Les avantages sont nombreux pour les entreprises qui basculent vers cette vision collaborative et simultanée de la planification : en effet, en permettant à chacun de transmettre rapidement ses informations et ses contraintes, c’est une vision holistique, plus complète et plus juste qui est permise. Et cela grâce à l’intégration des solutions dans le cloud, qui offre des possibilités d’échanges simplifiés, avec des jeux de données communs capables d’évoluer en temps réel. « Il faut proposer des outils de simulation globaux : dès que vous changez quelque chose dans les ventes – en euros ou en volumes, et sur n’importe quel axe commercial –, l’impact industriel est recalculé instantanément et est accessible à toutes les parties prenantes. Dans des périodes agitées, cela est crucial, car vous n’avez pas le temps de suivre des process routiniers », note Stéphane Pardi.

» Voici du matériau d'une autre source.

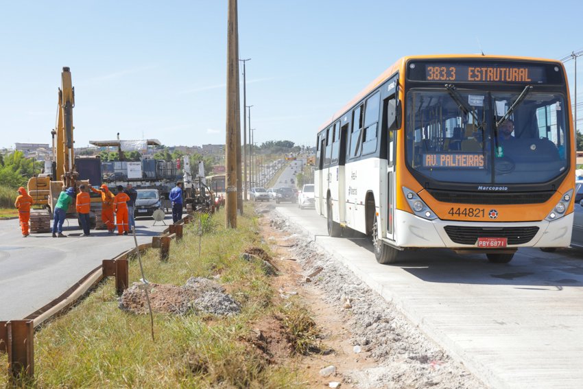 Para iniciar esta nova etapa da obra, o departamento desviou o trânsito na madrugada de hoje: quem sobe rumo a Ceilândia já usa um grande trecho da pista em concreto concluída. E os motoristas que descem rumo à região central de Brasília usam apenas a marginal da Estrutural. “Além disso, estamos criando um desvio, uma rota de saída ali na marginal, para melhorar o fluxo em direção ao Plano Piloto”, acrescenta o engenheiro civil.

Reste un enjeu, celui de l’accessibilité, afin que les données soient présentées à chaque interlocuteur de la façon qui lui parlera. Sur cet aspect, les solutions de planification et prévision peuvent se baser sur des interfaces adaptées, qui permettent à chaque utilisateur d’avoir un accès personnalisé. « Un directeur commercial ne peut pas prendre des décisions si on lui parle comme à un directeur industriel. Il faut donc pouvoir décliner les façons de présenter et de visualiser le même ensemble de données afin d’aider dans la prise de décisions », note Stéphane Pardi, responsable avant-vente chez Vif.

 

Étendre le cercle

Une ouverture qui doit également s’étendre en dehors de l’entreprise, en permettant plus d’échanges avec l’écosystème de fournisseurs et prestataires. Et là encore, les solutions basées dans le cloud permettent d’offrir un accès simple à l’information : tous les intervenants de chaîne accèdent ainsi à la même plateforme et aux informations dont ils ont besoin pour leur métier. « Si, pendant une réunion, vous avez une interrogation sur un élément de votre sourcing, vous pouvez envoyer une demande à votre fournisseur pour qu'il regarde un point d’intérêt afin qu’il partage son avis. Cette personne peut ensuite commenter et apporter des modifications à vos données », explique Shaun Phillips, directeur produit chez QAD DynaSys. Une instantanéité cruciale lors d’évènements inattendus, comme pendant la crise du canal de Suez en mars 2021 : « Grâce à l’aspect collaboratif de nos solutions, nos utilisateurs – tels que DB Schenker – étaient capables de donner des informations et des prescriptions à leurs clients sur le rééquilibrage des conteneurs et les impacts sur les supply chains mondiales », souligne Rui Saraiva.